Give back an exact copy of the entries beneath, minus the pictures.
Provided material: Begin
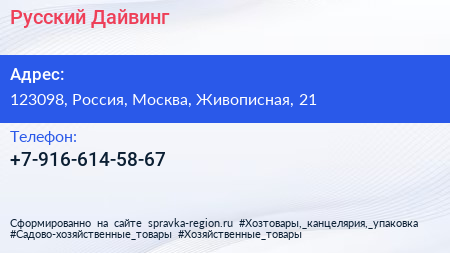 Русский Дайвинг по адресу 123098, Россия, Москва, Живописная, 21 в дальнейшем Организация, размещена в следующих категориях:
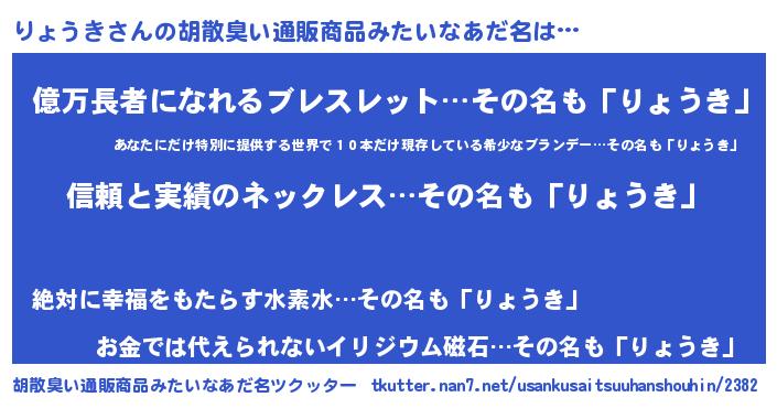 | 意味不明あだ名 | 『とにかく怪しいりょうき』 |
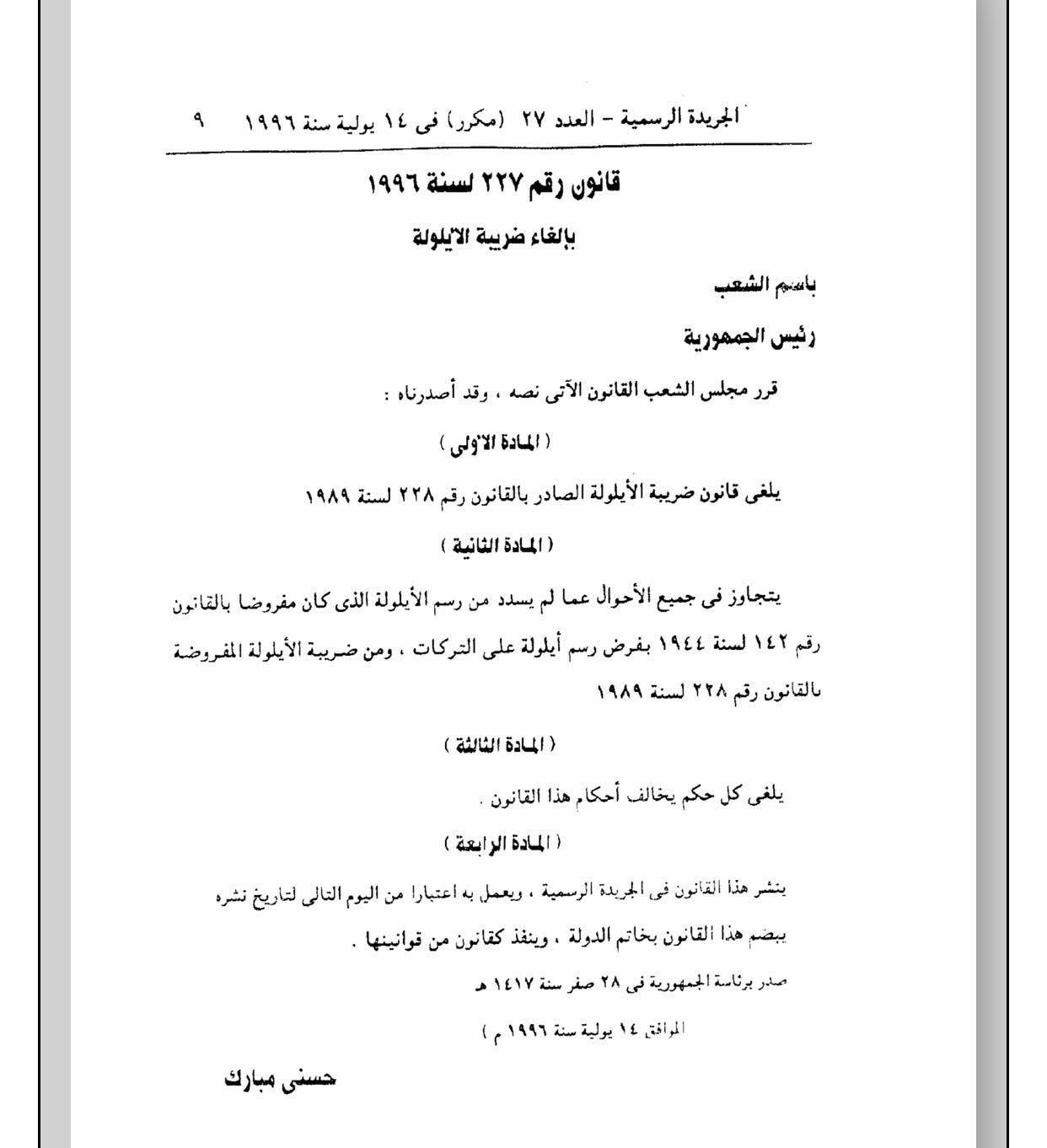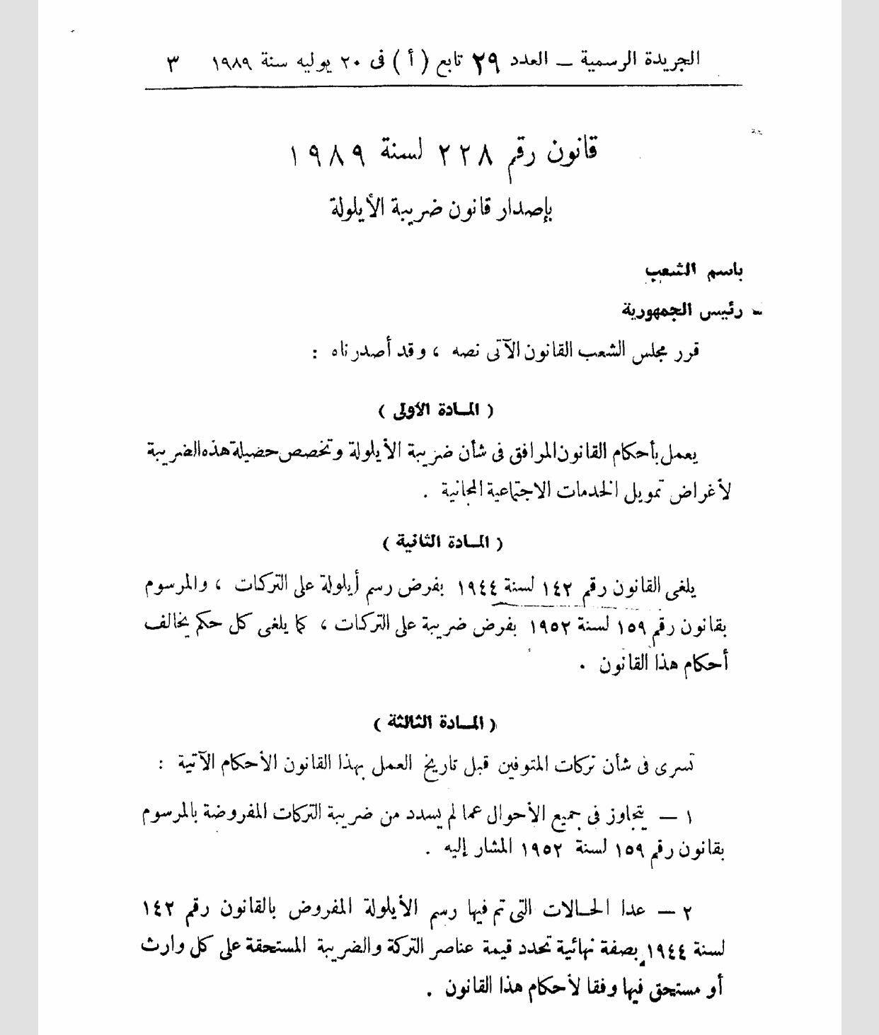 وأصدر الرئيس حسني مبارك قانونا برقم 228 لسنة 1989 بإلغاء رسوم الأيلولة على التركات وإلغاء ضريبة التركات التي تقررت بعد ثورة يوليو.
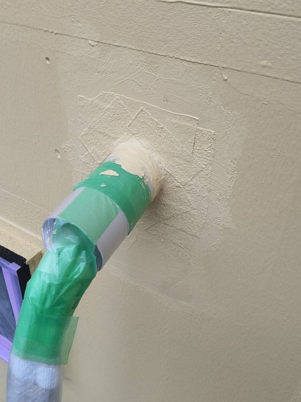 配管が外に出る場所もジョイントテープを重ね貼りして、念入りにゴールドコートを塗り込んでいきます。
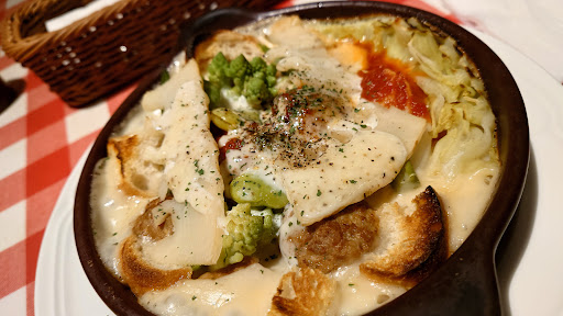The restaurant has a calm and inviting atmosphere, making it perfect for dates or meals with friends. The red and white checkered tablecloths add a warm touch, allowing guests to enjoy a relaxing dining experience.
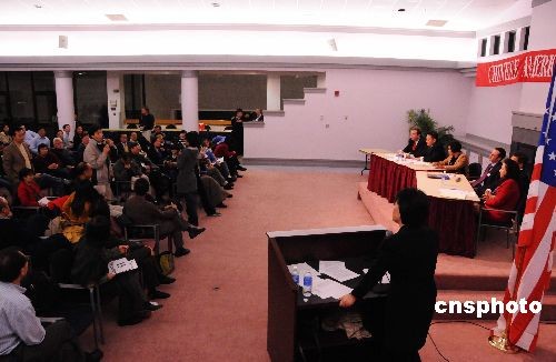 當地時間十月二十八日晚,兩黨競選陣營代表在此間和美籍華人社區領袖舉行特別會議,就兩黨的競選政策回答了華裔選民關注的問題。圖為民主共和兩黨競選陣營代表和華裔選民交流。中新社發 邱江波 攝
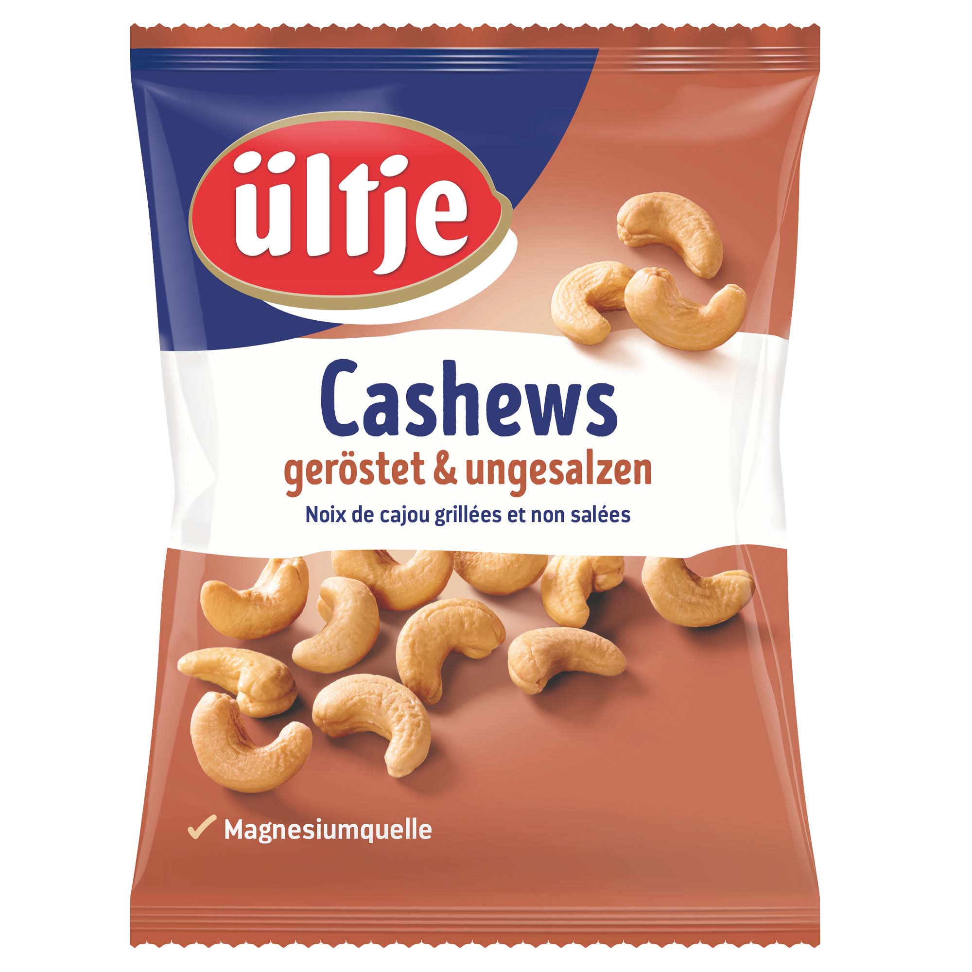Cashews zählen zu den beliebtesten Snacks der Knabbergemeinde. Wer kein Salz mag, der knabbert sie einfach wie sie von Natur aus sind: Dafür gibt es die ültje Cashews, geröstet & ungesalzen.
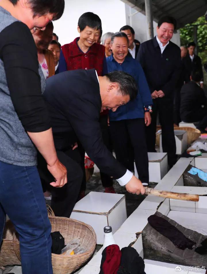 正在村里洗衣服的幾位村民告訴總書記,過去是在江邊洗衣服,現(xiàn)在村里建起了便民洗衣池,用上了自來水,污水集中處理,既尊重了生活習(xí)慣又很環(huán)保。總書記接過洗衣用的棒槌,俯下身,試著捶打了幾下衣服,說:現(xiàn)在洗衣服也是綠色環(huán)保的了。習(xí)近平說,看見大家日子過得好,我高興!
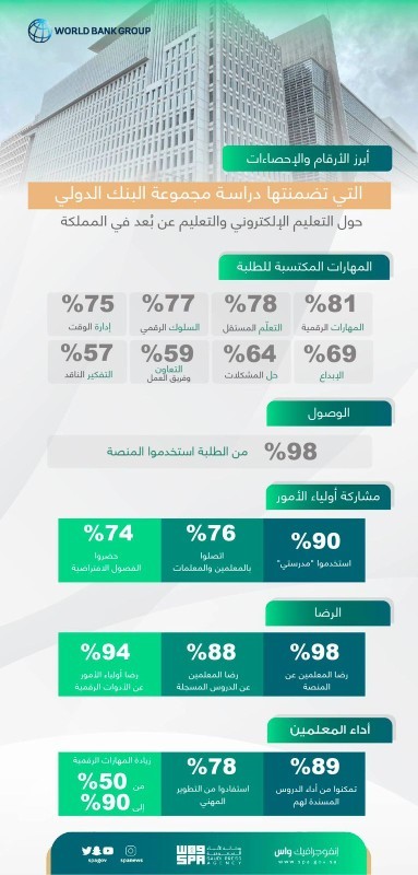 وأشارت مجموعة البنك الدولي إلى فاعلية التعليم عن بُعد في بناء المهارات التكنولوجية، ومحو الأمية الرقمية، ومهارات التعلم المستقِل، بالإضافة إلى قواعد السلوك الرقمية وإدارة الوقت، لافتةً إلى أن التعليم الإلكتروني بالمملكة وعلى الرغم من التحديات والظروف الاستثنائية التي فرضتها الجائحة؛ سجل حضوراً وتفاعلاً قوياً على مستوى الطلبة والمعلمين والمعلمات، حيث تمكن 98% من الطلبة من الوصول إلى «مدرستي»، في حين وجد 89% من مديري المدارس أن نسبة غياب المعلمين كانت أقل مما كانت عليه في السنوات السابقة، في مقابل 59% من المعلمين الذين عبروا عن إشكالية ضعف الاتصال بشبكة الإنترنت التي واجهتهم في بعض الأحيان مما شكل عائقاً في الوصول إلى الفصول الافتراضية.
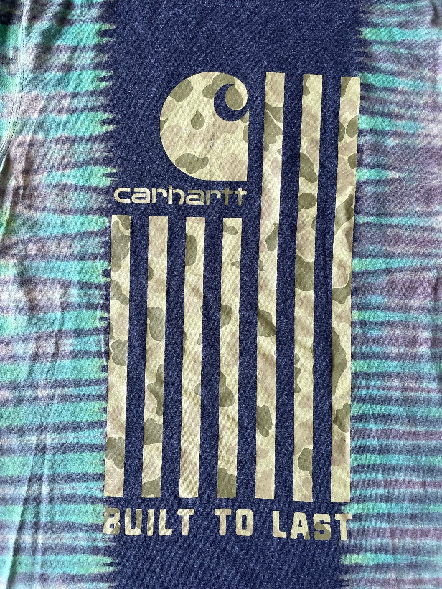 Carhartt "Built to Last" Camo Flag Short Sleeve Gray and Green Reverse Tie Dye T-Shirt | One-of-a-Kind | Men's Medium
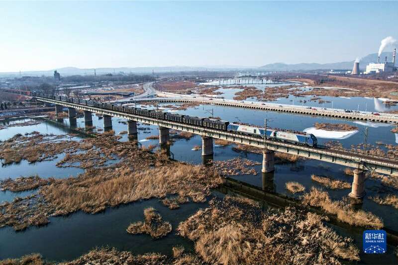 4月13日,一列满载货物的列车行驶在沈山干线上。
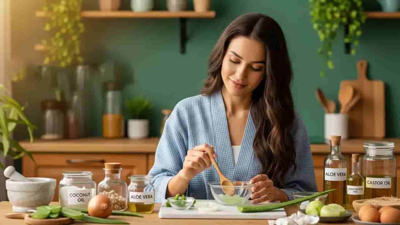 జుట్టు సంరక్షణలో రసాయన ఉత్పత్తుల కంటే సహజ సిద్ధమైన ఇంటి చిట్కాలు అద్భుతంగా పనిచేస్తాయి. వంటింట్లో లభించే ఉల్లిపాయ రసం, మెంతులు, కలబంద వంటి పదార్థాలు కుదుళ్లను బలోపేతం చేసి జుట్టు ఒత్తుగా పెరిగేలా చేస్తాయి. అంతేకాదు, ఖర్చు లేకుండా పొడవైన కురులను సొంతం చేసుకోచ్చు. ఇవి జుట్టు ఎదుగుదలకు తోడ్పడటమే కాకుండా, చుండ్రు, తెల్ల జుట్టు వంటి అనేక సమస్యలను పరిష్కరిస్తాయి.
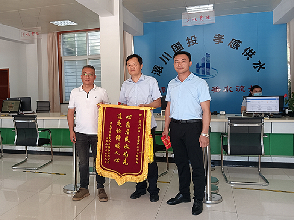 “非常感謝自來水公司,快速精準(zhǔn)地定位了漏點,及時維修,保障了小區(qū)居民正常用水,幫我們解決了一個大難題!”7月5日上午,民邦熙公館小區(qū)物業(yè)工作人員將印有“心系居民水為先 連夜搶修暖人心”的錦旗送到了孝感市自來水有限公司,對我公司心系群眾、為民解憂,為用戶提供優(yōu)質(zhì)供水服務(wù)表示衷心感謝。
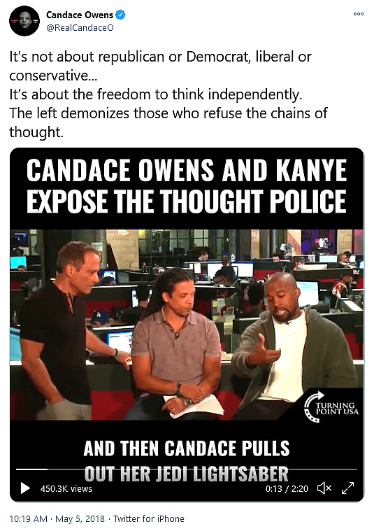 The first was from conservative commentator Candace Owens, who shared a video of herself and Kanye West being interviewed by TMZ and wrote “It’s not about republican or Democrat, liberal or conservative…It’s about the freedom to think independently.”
Provided material: End
Exercise answer
 Русский Дайвинг по адресу 123098, Россия, Москва, Живописная, 21 в дальнейшем Организация, размещена в следующих категориях:
 | 意味不明あだ名 | 『とにかく怪しいりょうき』 |
 وأصدر الرئيس حسني مبارك قانونا برقم 228 لسنة 1989 بإلغاء رسوم الأيلولة على التركات وإلغاء ضريبة التركات التي تقررت بعد ثورة يوليو.
 配管が外に出る場所もジョイントテープを重ね貼りして、念入りにゴールドコートを塗り込んでいきます。
The restaurant has a calm and inviting atmosphere, making it perfect for dates or meals with friends. The red and white checkered tablecloths add a warm touch, allowing guests to enjoy a relaxing dining experience.
 當地時間十月二十八日晚,兩黨競選陣營代表在此間和美籍華人社區領袖舉行特別會議,就兩黨的競選政策回答了華裔選民關注的問題。圖為民主共和兩黨競選陣營代表和華裔選民交流。中新社發 邱江波 攝
Cashews zählen zu den beliebtesten Snacks der Knabbergemeinde. Wer kein Salz mag, der knabbert sie einfach wie sie von Natur aus sind: Dafür gibt es die ültje Cashews, geröstet & ungesalzen.
 正在村里洗衣服的幾位村民告訴總書記,過去是在江邊洗衣服,現(xiàn)在村里建起了便民洗衣池,用上了自來水,污水集中處理,既尊重了生活習(xí)慣又很環(huán)保。總書記接過洗衣用的棒槌,俯下身,試著捶打了幾下衣服,說:現(xiàn)在洗衣服也是綠色環(huán)保的了。習(xí)近平說,看見大家日子過得好,我高興!
 وأشارت مجموعة البنك الدولي إلى فاعلية التعليم عن بُعد في بناء المهارات التكنولوجية، ومحو الأمية الرقمية، ومهارات التعلم المستقِل، بالإضافة إلى قواعد السلوك الرقمية وإدارة الوقت، لافتةً إلى أن التعليم الإلكتروني بالمملكة وعلى الرغم من التحديات والظروف الاستثنائية التي فرضتها الجائحة؛ سجل حضوراً وتفاعلاً قوياً على مستوى الطلبة والمعلمين والمعلمات، حيث تمكن 98% من الطلبة من الوصول إلى «مدرستي»، في حين وجد 89% من مديري المدارس أن نسبة غياب المعلمين كانت أقل مما كانت عليه في السنوات السابقة، في مقابل 59% من المعلمين الذين عبروا عن إشكالية ضعف الاتصال بشبكة الإنترنت التي واجهتهم في بعض الأحيان مما شكل عائقاً في الوصول إلى الفصول الافتراضية.
 Carhartt "Built to Last" Camo Flag Short Sleeve Gray and Green Reverse Tie Dye T-Shirt | One-of-a-Kind | Men's Medium
 4月13日,一列满载货物的列车行驶在沈山干线上。
 జుట్టు సంరక్షణలో రసాయన ఉత్పత్తుల కంటే సహజ సిద్ధమైన ఇంటి చిట్కాలు అద్భుతంగా పనిచేస్తాయి. వంటింట్లో లభించే ఉల్లిపాయ రసం, మెంతులు, కలబంద వంటి పదార్థాలు కుదుళ్లను బలోపేతం చేసి జుట్టు ఒత్తుగా పెరిగేలా చేస్తాయి. అంతేకాదు, ఖర్చు లేకుండా పొడవైన కురులను సొంతం చేసుకోచ్చు. ఇవి జుట్టు ఎదుగుదలకు తోడ్పడటమే కాకుండా, చుండ్రు, తెల్ల జుట్టు వంటి అనేక సమస్యలను పరిష్కరిస్తాయి.
 “非常感謝自來水公司,快速精準(zhǔn)地定位了漏點,及時維修,保障了小區(qū)居民正常用水,幫我們解決了一個大難題!”7月5日上午,民邦熙公館小區(qū)物業(yè)工作人員將印有“心系居民水為先 連夜搶修暖人心”的錦旗送到了孝感市自來水有限公司,對我公司心系群眾、為民解憂,為用戶提供優(yōu)質(zhì)供水服務(wù)表示衷心感謝。
 The first was from conservative commentator Candace Owens, who shared a video of herself and Kanye West being interviewed by TMZ and wrote “It’s not about republican or Democrat, liberal or conservative…It’s about the freedom to think independently.”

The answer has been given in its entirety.